Array range queries to find the number of perfect square elements with updates

Given an array arr[] of N integers, the task is to perform the following two queries: 

  • query(start, end): Print the number of perfect square numbers in the sub-array from start to end
  • update(i, x): Add x to the array element referenced by array index i, that is: arr[i] = x

Note: 0 based indexing is followed in the below example.

Example: 



Input: arr = [ 16, 15, 8, 9, 14, 25 ]; 
Query 1: query(start = 0, end = 4) 
Query 2: update(i = 3, x = 11) i.e. arr[3]=11  
Query 3: query(start = 0, end = 4) 
Output: 2 1 
Explanation:
In Query 1, the sub-array [0…4] has 2 perfect square numbers 16 and 9 viz. [ 16, 15, 8, 9, 14 ]
In Query 2, the value at index 3 is updated to 11,  
the array arr now is, [ 16, 15, 8, 11, 14, 25 ]
In Query 3, the sub-array [0…4] has 1 perfect square number 16 viz. [ 16, 15, 8, 11, 14 ]
 

Approach: 

To handle both point updates and range queries, a segment tree is optimal for this purpose.
In order to check for perfect square numbers, the idea is to first compute the square root of the number and if the square root is an integer then the current element is a perfect square otherwise not.

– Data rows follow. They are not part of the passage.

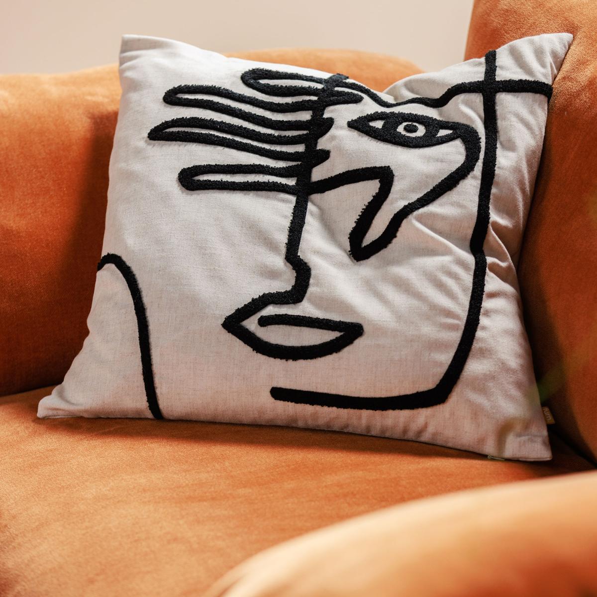 Ultra-modern and stylish, the Lined Face Cushion is the perfect fit to complete your contemporary furniture arrangement. The neutral cushion is detailed with a black abstract lined face, creating a monochrome effect, adding texture, charm and elegance to your living space.
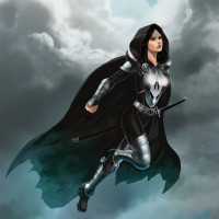 a cloudy sky with lightning bolts visible around her. The overall style of the image suggests it could be from a comic book or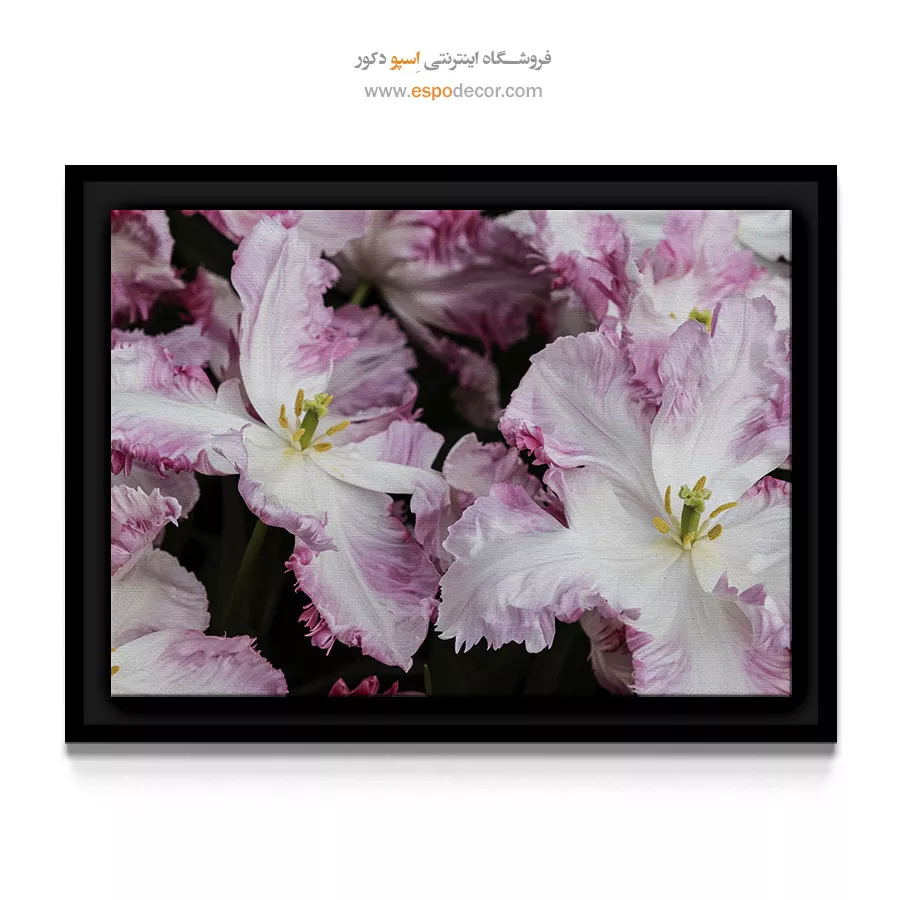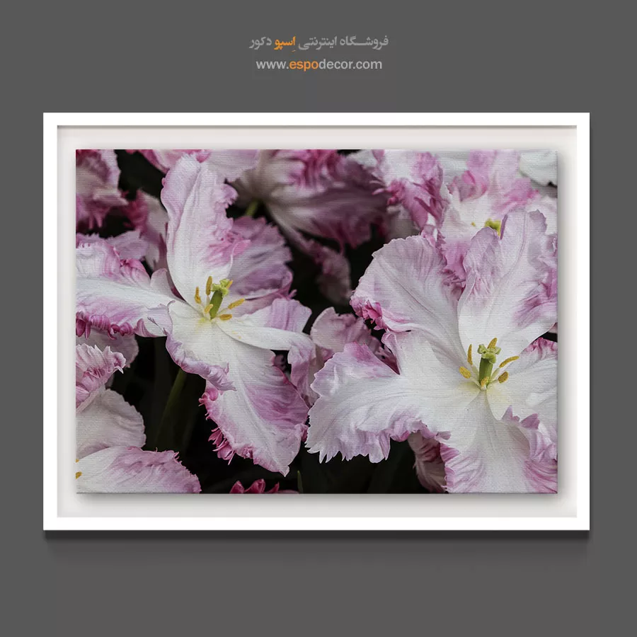 این تابلو یک اثر فوقالعاده رمانتیک، مجلل و با حس طراوت بهاری است. ترکیب رنگ سفید روشن در کنار صورتی ملایم، حالتی آرامشبخش و زنانه ایجاد میکند. بافت چینخورده و خاص گلبرگهای لاله طوطی، این اثر را از یک طرح ساده متمایز کرده است. این طرح ایدهآل برای اتاق خوابها، سالنهای زیبایی، فضاهای پذیرایی روشن یا هر مکانی که نیاز به یک عنصر بصری با تم رنگی پاستلی، شاداب و با تمرکز بر بافت و جزئیات منحصربهفرد دارد، میباشد.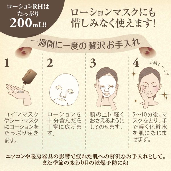 【Generous 200mL】 With a generous 200mL capacity, it is designed to be used lavishly. It can be used as a lotion mask by soaking a coin mask or sheet mask. Ideal for dry skin and as a countermeasure during seasonal changes.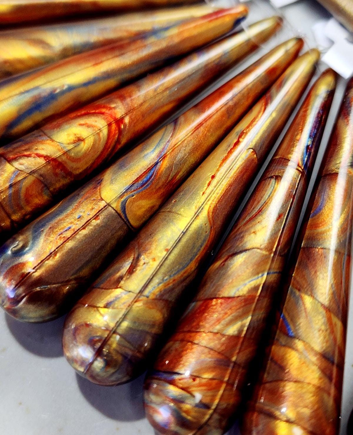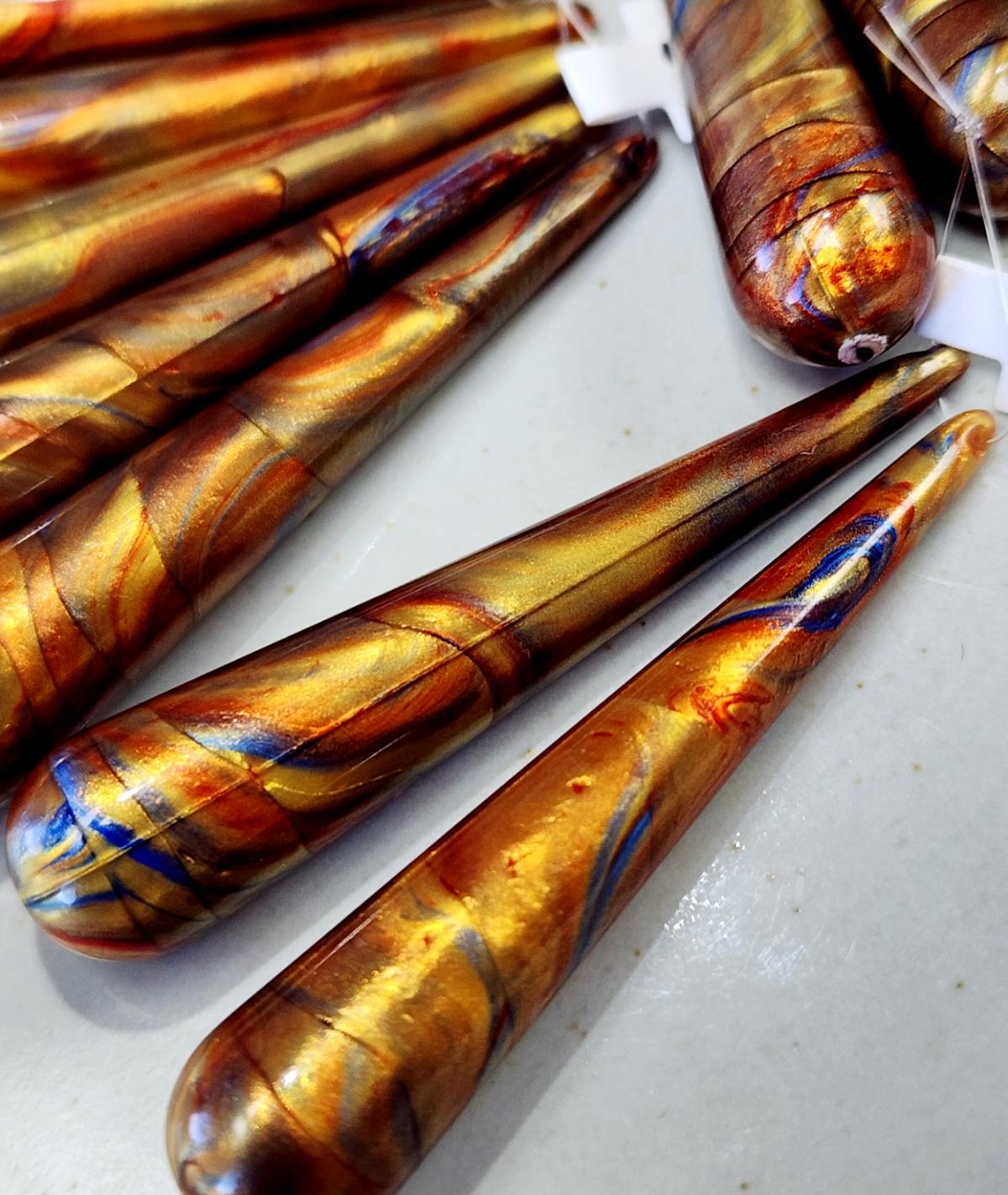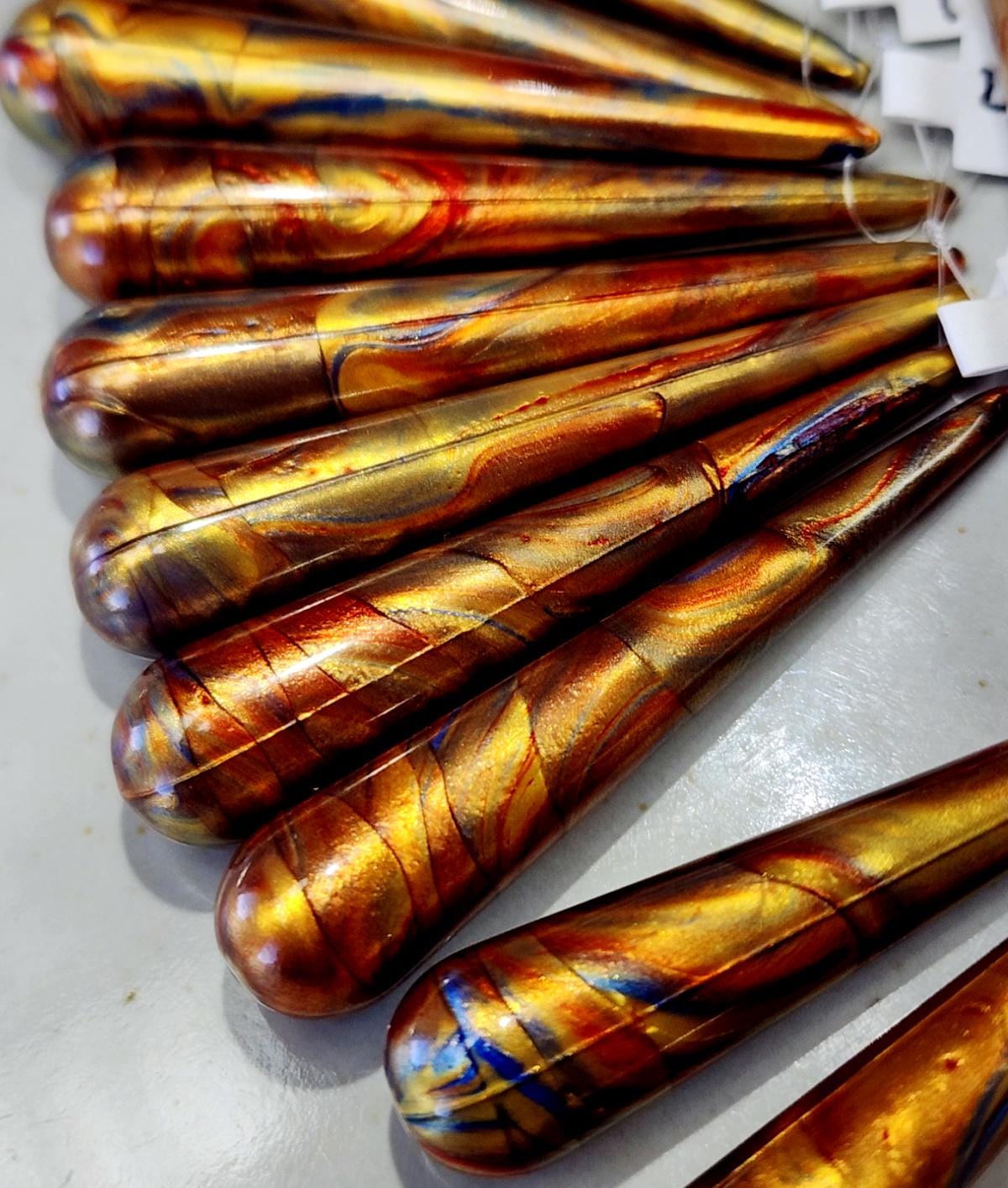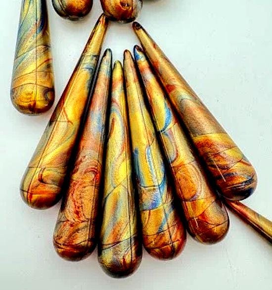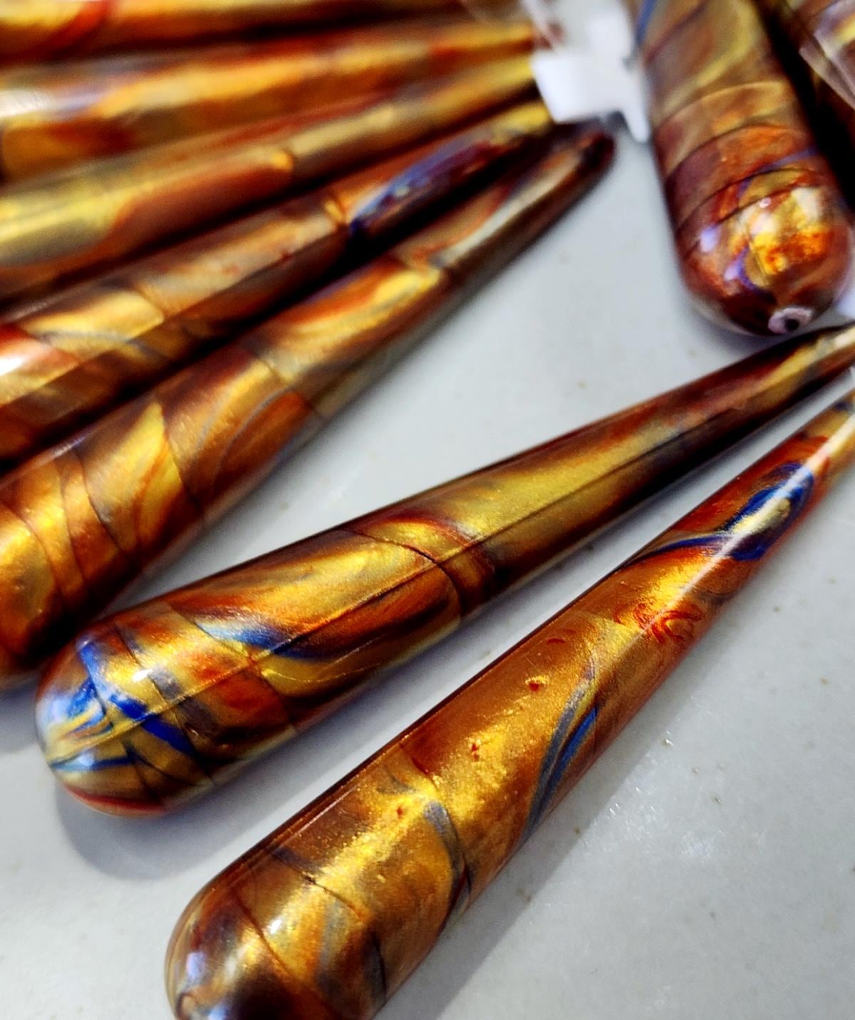 Lustrous Gold 61x12mm, Long, Teardrops, German Made, Resin, 2 per set, Priced per Set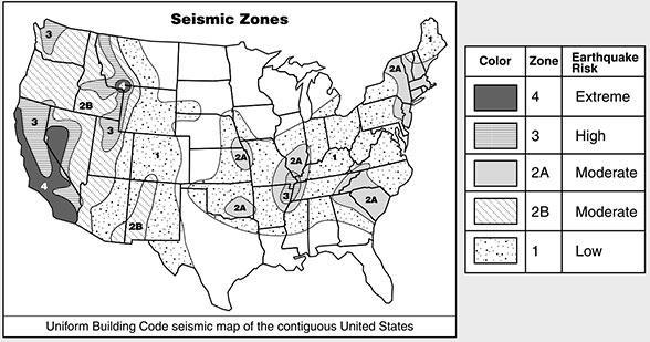 The table and map below outline seismic zones from 1 (lowest risk) to 4 (highest risk), with stricter requirements as the zone number increases. Incorporating seismic design standards in rack systems is strongly recommended, especially in high-risk areas, to prevent catastrophic failure. Taller racks and high-density, narrow aisle systems further increase collapse risk, particularly in zones 3 and 4. For new construction or renovations in these zones, consult your local building department for the latest code requirements.

If the current element is a perfect square, then set it to 1 else to 0.

Building the segment tree: 

  • The problem is now reduced to the subarray sum using segment tree problem.
  • Now, we can build the segment tree where a leaf node is represented as either 0 (if it is not an perfect square number) or 1 (if it is perfect square number).
  • The internal nodes of the segment tree equal to the sum of its child nodes, thus a node represent the total perfect square numbers in the range from L to R with range [L, R] falling under this node and the sub-tree underneath it.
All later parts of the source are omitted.